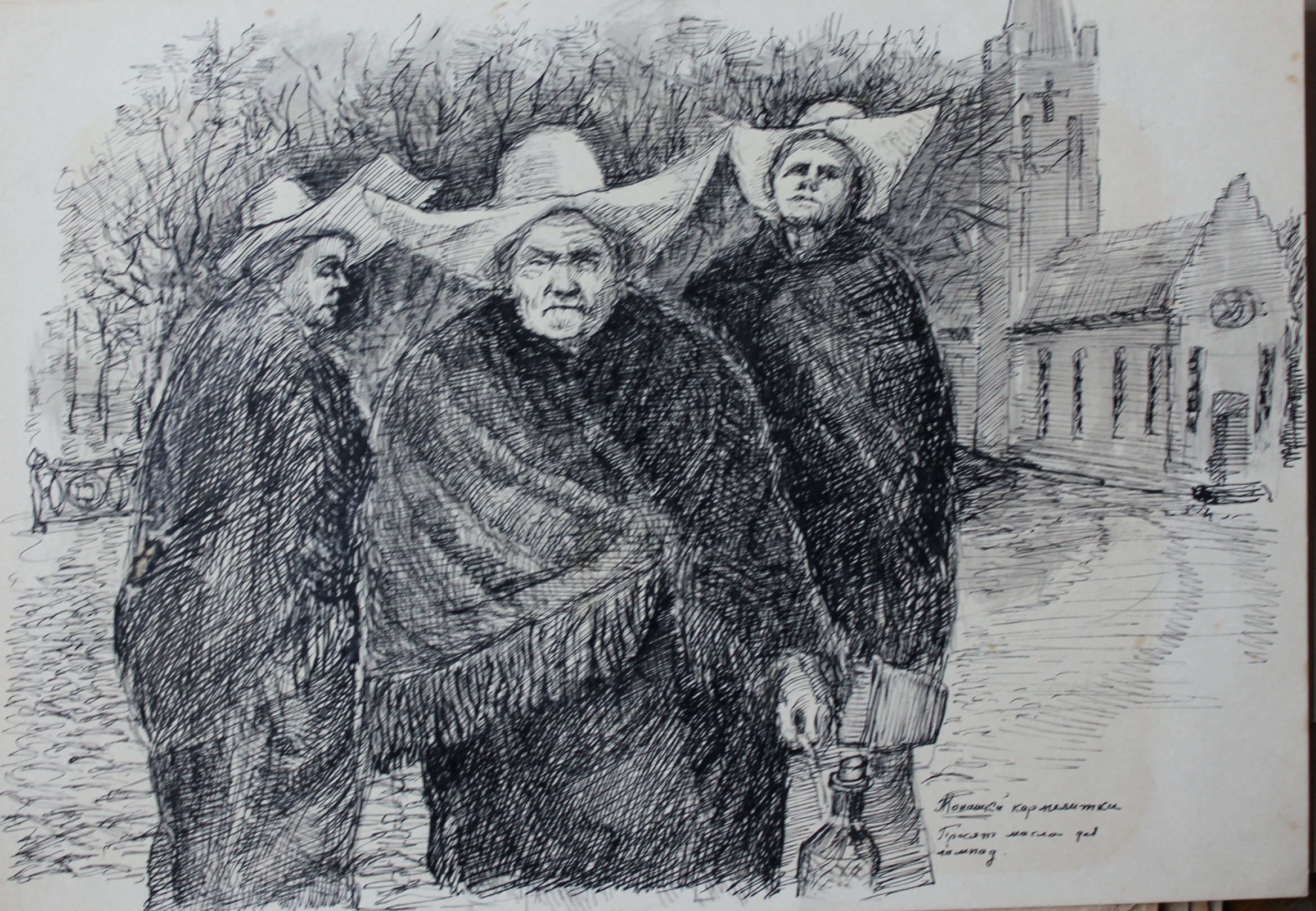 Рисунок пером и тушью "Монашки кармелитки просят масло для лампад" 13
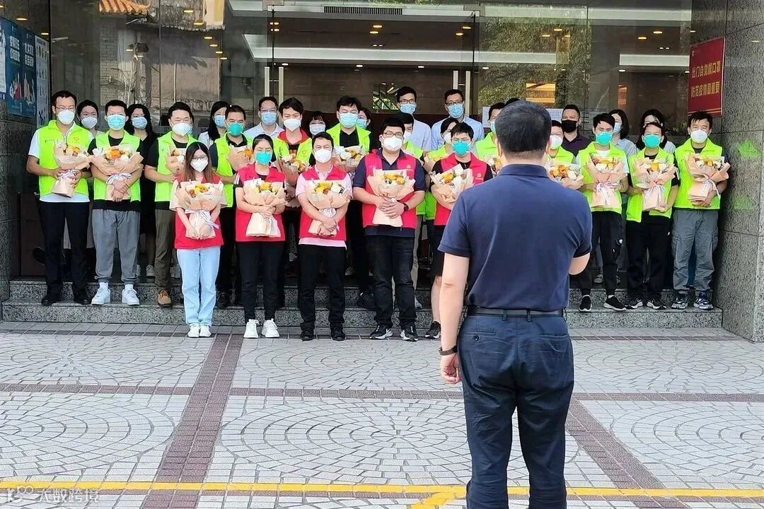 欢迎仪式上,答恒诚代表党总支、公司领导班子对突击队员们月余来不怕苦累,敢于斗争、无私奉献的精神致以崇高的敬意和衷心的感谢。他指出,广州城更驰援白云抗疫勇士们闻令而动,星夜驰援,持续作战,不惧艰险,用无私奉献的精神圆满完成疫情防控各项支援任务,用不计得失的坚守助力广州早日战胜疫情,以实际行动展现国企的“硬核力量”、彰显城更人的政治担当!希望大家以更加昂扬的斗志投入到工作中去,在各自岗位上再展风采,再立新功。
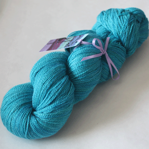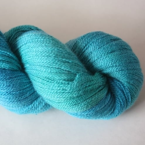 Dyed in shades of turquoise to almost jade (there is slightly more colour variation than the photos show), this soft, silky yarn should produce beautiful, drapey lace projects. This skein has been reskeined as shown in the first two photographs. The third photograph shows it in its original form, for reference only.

-*-*-

* _TASK_: Take the listing above and restate it word for word, without its pictures.

* _SOLVED PROBLEM_:
 Рисунок пером и тушью "Монашки кармелитки просят масло для лампад" 13
 欢迎仪式上,答恒诚代表党总支、公司领导班子对突击队员们月余来不怕苦累,敢于斗争、无私奉献的精神致以崇高的敬意和衷心的感谢。他指出,广州城更驰援白云抗疫勇士们闻令而动,星夜驰援,持续作战,不惧艰险,用无私奉献的精神圆满完成疫情防控各项支援任务,用不计得失的坚守助力广州早日战胜疫情,以实际行动展现国企的“硬核力量”、彰显城更人的政治担当!希望大家以更加昂扬的斗志投入到工作中去,在各自岗位上再展风采,再立新功。
 Dyed in shades of turquoise to almost jade (there is slightly more colour variation than the photos show), this soft, silky yarn should produce beautiful, drapey lace projects. This skein has been reskeined as shown in the first two photographs. The third photograph shows it in its original form, for reference only.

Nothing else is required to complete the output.